Print every line below exactly. Skip the pictures.

=== Recorded information ===
··········
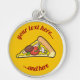 Ilustracion personalizado de rodajas de pizza con fondo amarillo. Dos campos de texto personalizado en círculo.
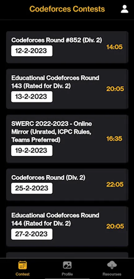 From This App CodeforcesInfo you can get Upcomming codeforces contest details and you can also gwt Users details like Rating and Some good resources for learing DSA
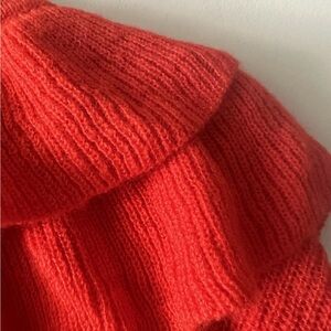 Stylish red sweater with ruffled neckline. Perfect for a chic look.
··········
=== Response area ===
 Ilustracion personalizado de rodajas de pizza con fondo amarillo. Dos campos de texto personalizado en círculo.
 From This App CodeforcesInfo you can get Upcomming codeforces contest details and you can also gwt Users details like Rating and Some good resources for learing DSA
 Stylish red sweater with ruffled neckline. Perfect for a chic look.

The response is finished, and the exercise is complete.